Zorgmachtiging op basis van de Wet verplichte geestelijke gezondheidszorg voor betrokkene met psychische stoornissen

Op 5 januari 2024 heeft de Rechtbank Zeeland-West-Brabant, locatie Breda, een beschikking gegeven in een rekestprocedure betreffende een zorgmachtiging op basis van de Wet verplichte geestelijke gezondheidszorg (Wvggz). De rechtbank behandelde het verzoek van de officier van justitie tot het verlenen van een zorgmachtiging voor betrokkene, die lijdt aan verschillende psychische stoornissen, waaronder schizofreniespectrum- en andere psychotische stoornissen. Betrokkene, geboren in 1973, verblijft momenteel in de accommodatie GGZ Breburg en staat open voor zorg, hoewel zijn herstel nog pril is. De rechtbank heeft vastgesteld dat er geen mogelijkheden voor passende zorg op vrijwillige basis zijn en dat betrokkene in het verleden zich heeft verzet tegen noodzakelijke zorg.

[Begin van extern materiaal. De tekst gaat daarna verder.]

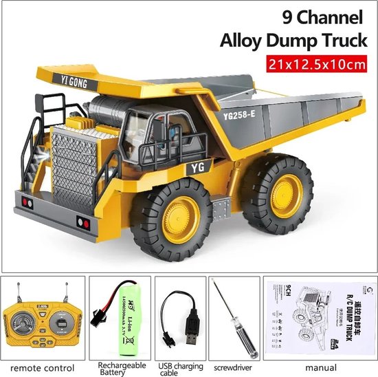 - Functies: 6-kanaals besturing, 270° manuele draaiing, 360° draaiing met afstandsbediening, graven met één druk op de knop, automatische demonstratie, ledverlichting, realistisch motorgeluid
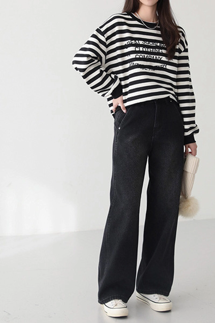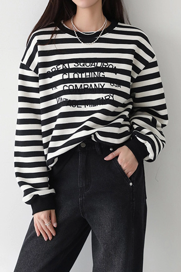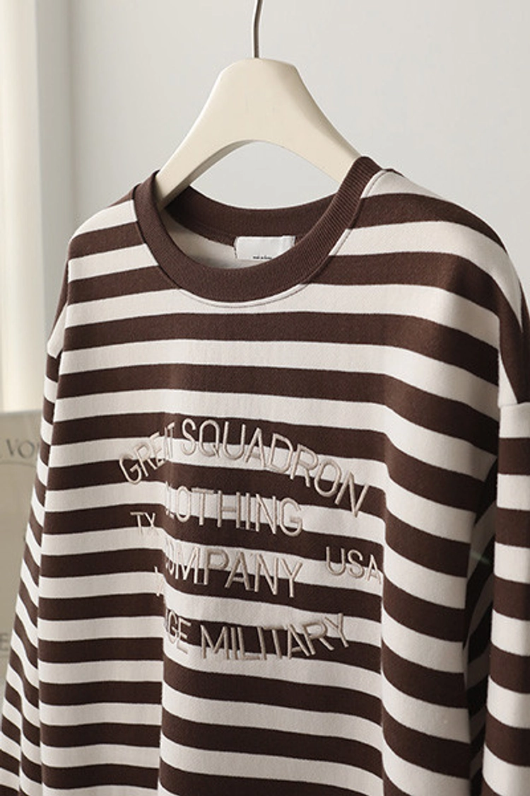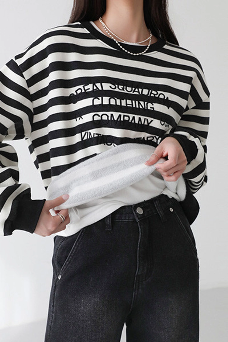 2512P19 英文字條紋內刷毛棉上衣
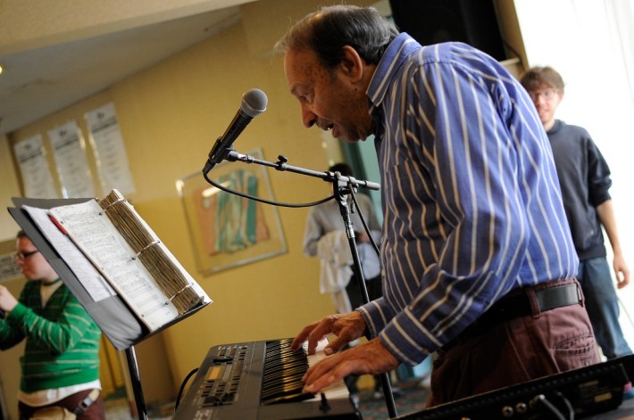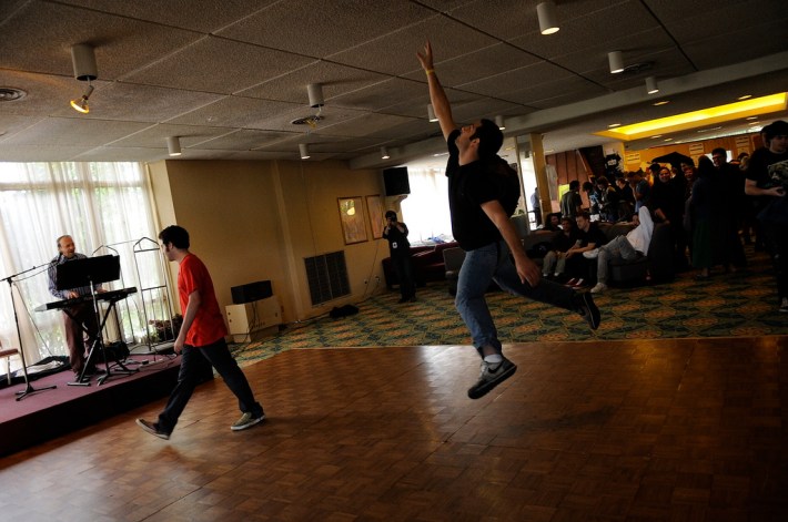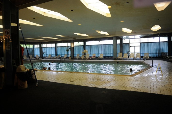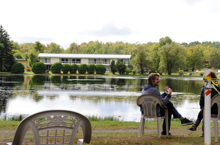 Our second year at Kutsher's was rainier than the first, but that didn't matter so much to us or, seemingly, the other attendees: If anything, this year felt more celebratory (and debauched) than 2008. You wouldn't be faulted for noting a certain hippie vibe. Visually, there were the tie-dyed shirts and hoodies (purchased at the amazing lost-in-time gift shop along with cat-shaped thermometers) sported by Sufjan and his band, Animal Collective, and soon enough sprinkled throughout the audiences. Or .... the perpetually smiling guy with the white bag who tried to sell us "special brownies" half a dozen times. Or the crusty, barefoot couple dancing like mad (and like hippies) during Animal Collective. Or folks making out on couches, doing weird things in the swimming pool, etc. Or the ad hoc dance floor that broke out in the lobby on Saturday night (while tellingly, downtown NYC icon Alan Vega, no hippie for sure, played pool by himself twenty feet away). Maybe part of the vibe was built-in by this year's co-curators the Flaming Lips. Wayne Coyne, in fact, may very well be the most positive vibing frontman you'll see all year: When the Lips closed the fest with "Somewhere Over The Rainbow" it felt not only fitting, but you almost sort of believed the sentiments for one non-cynical moment.

Tijdens de mondelinge behandeling op 5 januari 2024 zijn betrokkene en zijn advocaat, mr. G.J. Woodrow, gehoord, evenals een psychiater. De rechtbank heeft geconcludeerd dat het gedrag van betrokkene als gevolg van zijn stoornis leidt tot ernstig nadeel, waaronder risico op lichamelijk letsel en psychische schade. De rechtbank heeft de verzochte vormen van verplichte zorg, zoals het toedienen van medicatie en het aanbrengen van beperkingen in de vrijheid, toegewezen, maar de verzoeken om opname in een accommodatie en insluiting afgewezen, omdat dit niet noodzakelijk werd geacht op korte termijn.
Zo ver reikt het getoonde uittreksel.